A Hungarian film from 1989, “My 20th Century” follows two twin sisters coming of age at the turn of the 20th century who are separated and experience very different lives, Szczepaniak-Gillece said.

“It’s really a film that’s a love letter to cinema, how cinema has ended up inflecting all of our experiences in the 20th century … and thinking about what that’s meant for culture and what that’s meant for our shared dreams and our shared imagination,” she said.

Until recently, the film wasn’t available in the United States, Szczepaniak-Gillece said.

“It is an absolutely beautiful, magical film,” she said. “It’s a really great example of an older film that is having new life.”

‘Moolaade’

Sengalese director Ousmane Sembene’s final film made in 2004, Szczepaniak-Gillece said this “deeply moving” film is set in a village in Burkina Faso and deals with the repercussions of patriarchy when tensions erupt as young girls in the village are given “magical protection” against mutilation.
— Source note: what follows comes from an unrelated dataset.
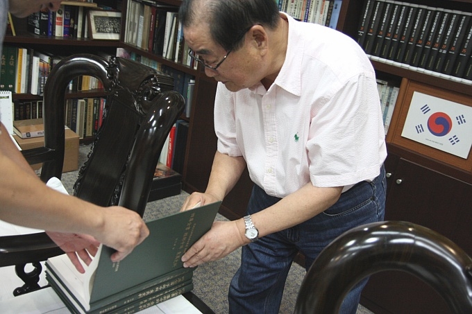 ▲서재에서 사료집 몇 권을 직접 꺼내 보여주는 이종찬 전 국정원장
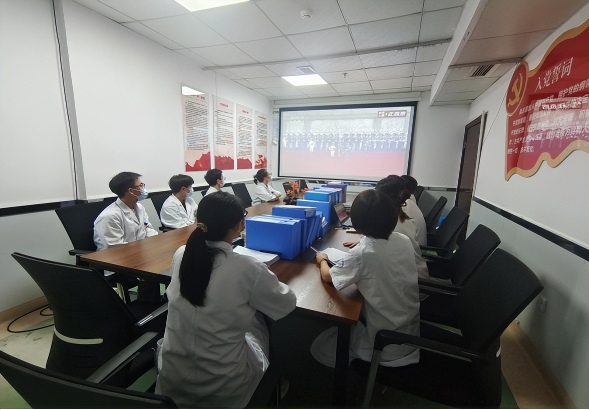当天上午,医院组织全体行政后勤党员干部职工集中观看了在北京天安门广场隆重举行的纪念大会。

“Despite its difficult subject matter, this film is neither staid nor somber,” she said. “It’s a close examination of the forces that shape all of us and, ultimately, a celebration of how film can work as a political tool.”

‘Morvern Callar’

After her boyfriend commits suicide, a young Scottish woman concocts a series of lies about his absence and goes on an emotional journey with her best friend after selling his novel under her own name. Made in 2002, this film represents “post-millennial tension in cinematic feminist form,” Szczepaniak-Gillece said.

“(Director Lynne Ramsay) is now known for her deconstructed action thrillers, her quieter drama interrogates the local effects of punishing global capital flows on a disaffected young woman with a grim future,” she said.